| ABOUT THIS EXERCISE |
Retype word for word the stretch of entries below from the line that has "CIELCh 35.467,71.098,335.366 Color" through the line that has "Diego Alarcón, con", and omit the pictures.

| THE INPUT |
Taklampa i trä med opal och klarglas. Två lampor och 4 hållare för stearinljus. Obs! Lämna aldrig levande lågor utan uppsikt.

* * *

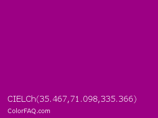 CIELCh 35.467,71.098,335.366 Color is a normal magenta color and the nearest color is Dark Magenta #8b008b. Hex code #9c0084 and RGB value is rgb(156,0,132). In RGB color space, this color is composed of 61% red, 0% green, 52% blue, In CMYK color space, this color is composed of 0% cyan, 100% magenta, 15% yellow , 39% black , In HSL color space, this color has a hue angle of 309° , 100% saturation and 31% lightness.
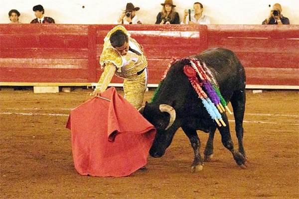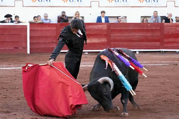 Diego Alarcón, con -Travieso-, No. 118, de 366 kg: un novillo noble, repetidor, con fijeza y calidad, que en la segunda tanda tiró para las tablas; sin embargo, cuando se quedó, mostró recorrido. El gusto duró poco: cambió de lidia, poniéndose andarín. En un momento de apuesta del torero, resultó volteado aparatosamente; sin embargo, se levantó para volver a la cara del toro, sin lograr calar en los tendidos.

* * *

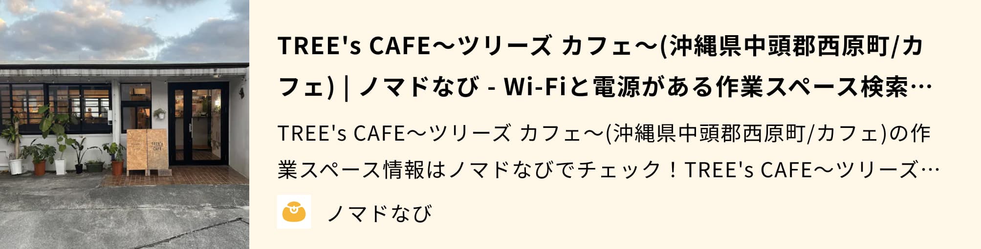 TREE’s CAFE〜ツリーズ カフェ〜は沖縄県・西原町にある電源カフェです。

| FINAL ANSWER |
 CIELCh 35.467,71.098,335.366 Color is a normal magenta color and the nearest color is Dark Magenta #8b008b. Hex code #9c0084 and RGB value is rgb(156,0,132). In RGB color space, this color is composed of 61% red, 0% green, 52% blue, In CMYK color space, this color is composed of 0% cyan, 100% magenta, 15% yellow , 39% black , In HSL color space, this color has a hue angle of 309° , 100% saturation and 31% lightness.
 Diego Alarcón, con -Travieso-, No. 118, de 366 kg: un novillo noble, repetidor, con fijeza y calidad, que en la segunda tanda tiró para las tablas; sin embargo, cuando se quedó, mostró recorrido. El gusto duró poco: cambió de lidia, poniéndose andarín. En un momento de apuesta del torero, resultó volteado aparatosamente; sin embargo, se levantó para volver a la cara del toro, sin lograr calar en los tendidos.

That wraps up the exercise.